**TO DO:** Give the data below again exactly as written, without its pictures.

**AVAILABLE DATA:**

++++++++++

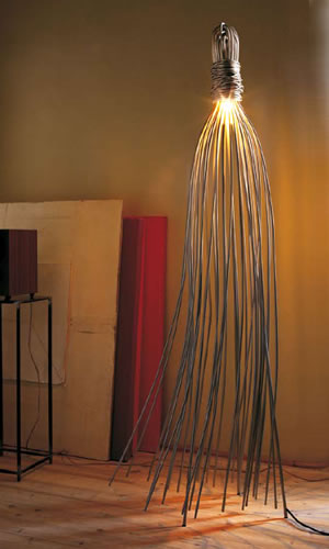 Floor Lamp consisting of a collection of hand-forged metal stems in Satin Nickel finish with sanded borosilicate glass diffuser.
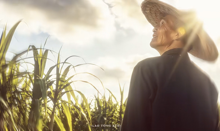 所以,他開始把爺爺奶奶的情節(jié)加進(jìn)作品里。有些是以爺爺?shù)男蜗鬄樵蜕?,有些則會(huì)去果園里找老人,請(qǐng)他們幫忙配合拍攝。對(duì)觀眾來說,這是短視頻里的一個(gè)人物意象;對(duì)他來說,這是在創(chuàng)作里重新靠近記憶。
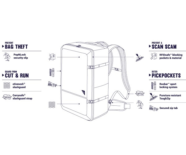 Рюкзак в ручную кладь антивор Pacsafe Vibe 40 серый камуфляж - Преимущества
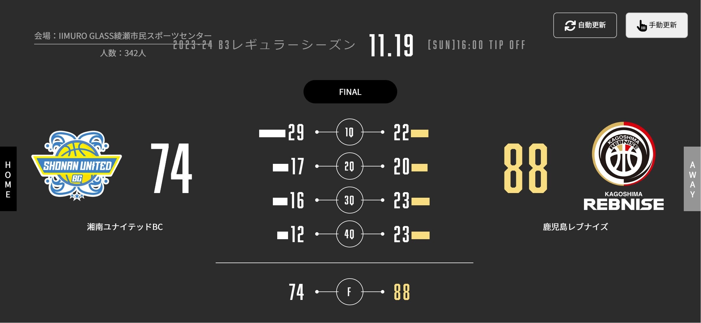 WIN!WIN!WIN!B3リーグ 2023-24シーズン 第7節 GAME1(11/19) 試合結果のお知らせ

++++++++++

**WRITTEN RESPONSE:**
 Floor Lamp consisting of a collection of hand-forged metal stems in Satin Nickel finish with sanded borosilicate glass diffuser.
 所以,他開始把爺爺奶奶的情節(jié)加進(jìn)作品里。有些是以爺爺?shù)男蜗鬄樵蜕?,有些則會(huì)去果園里找老人,請(qǐng)他們幫忙配合拍攝。對(duì)觀眾來說,這是短視頻里的一個(gè)人物意象;對(duì)他來說,這是在創(chuàng)作里重新靠近記憶。
 Рюкзак в ручную кладь антивор Pacsafe Vibe 40 серый камуфляж - Преимущества
 WIN!WIN!WIN!B3リーグ 2023-24シーズン 第7節 GAME1(11/19) 試合結果のお知らせ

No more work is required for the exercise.